Modelling uncertainties in sampling

28 Views Asked by At

I am seeking to complete/perfect a simulation program in Excel that models the following:

Step 1

Sample N items where the probability p of any item being in one of two states. It is handy to depict these two states with a 1 and a 0, respectively, so one can use Boolean algebra. P(1)=p. P(0) =1-p

So far so good: I have coded for each successive sample (1 to N) in my simulation with:

=IF(RAND()<”p”,1,0)

and that produces results with means and standard deviations that conform very closely to what binomial theory predicts

$σ =(p(1-p)/N)^{0.5}$

as I vary values for p in the range 0% to 100%.

I know, that < should be ≤ , but the difference is inconsequential with Excel generating random numbers between 0 to 1 to 10 decimal places.

Step 2

Model the uncertainty in my example that categorizations of all the above sampled items as a 1 or a 0 cannot be made with 100% reliability.
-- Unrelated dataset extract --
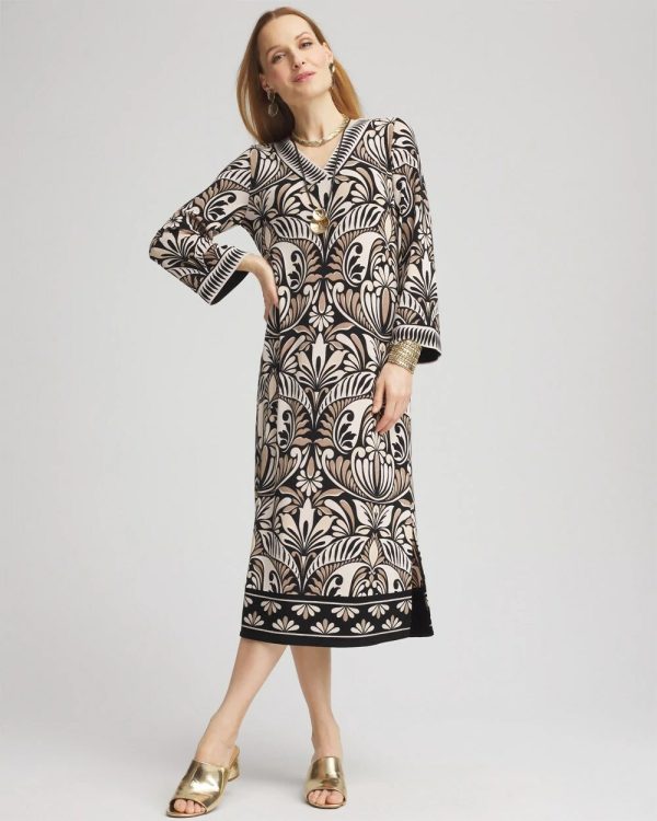 You love a timeless style with modern flair, like our Travelers™ Bell-Sleeved Midi Dress. This iteration showcases a stunning new all-over print, perfect for all your vacation adventures. Made with our wrinkle-resistant sustainable fabric, this dress looks fresh right out of the suitcase, no matter how long it’s been in transit.

The probability that the sampler can correctly identify whether the sampled item is actually a 1 is only c (the probability of mis-categorization to a 0 is thus 1-c), and the probability that the sampler can correctly identify that a sampled item is actually a 0 is also c (the probability of mis-categorization to a 1 is thus also 1-c).
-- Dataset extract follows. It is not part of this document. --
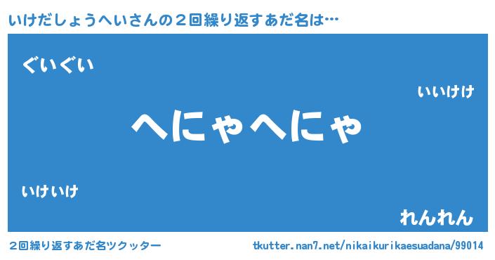 | ヘコむあだ名 | 『いけだしょうへい(震え声)』『レバニラ』 |

My overall objective is to determine the overall standard deviation of possible outcomes with variability due both to sampling, and due to uncertainties in assessing the sampled items.

=IF(RAND()<c,“sampled”,BITXOR(“sampled”,1)

I’m using Excel’s BITXOR function with the dummy variable fixed at 1 to synthesise the logical NOT function because Excel does not have a Boolean NOT function.

Results

With hundreds and thousands of samplings and determinations in my simulations, the variances are also plausible for the uncertain determinations (i.e. judgments whether 1 or 0 is applicable to the sampled items). However, in every simulation run, with various different levels of p and c as inputs, the determined average value of p (let’s call it p’) is closer to 50% than was p. This does not make sense to me. While I can appreciate that some adjustment in outcome must occur to reflect the imprecise determinations, my model’s skew seems to lack a symmetry I would expect.

While I have described the status of 1 or 0 as being “actualities” versus imprecise determinations/judgments in the above, the status of 1 or 0 could just as easily be an imprecise perception in both cases (i.e. as if the truth cannot ever be know with certainty and we are comparing opinions/judgements), with my model modelling the extent of agreement, as well as (mean) values for p and p’. Under these latter circumstances, I can’t see why the mean value of p’ should necessarily be closer to 50% than the mean value for p.

Am I right or what am I missing? Is there more than one mathematical solution to my problem that I am not including in my simulation, or is there something else wrong in my modelling.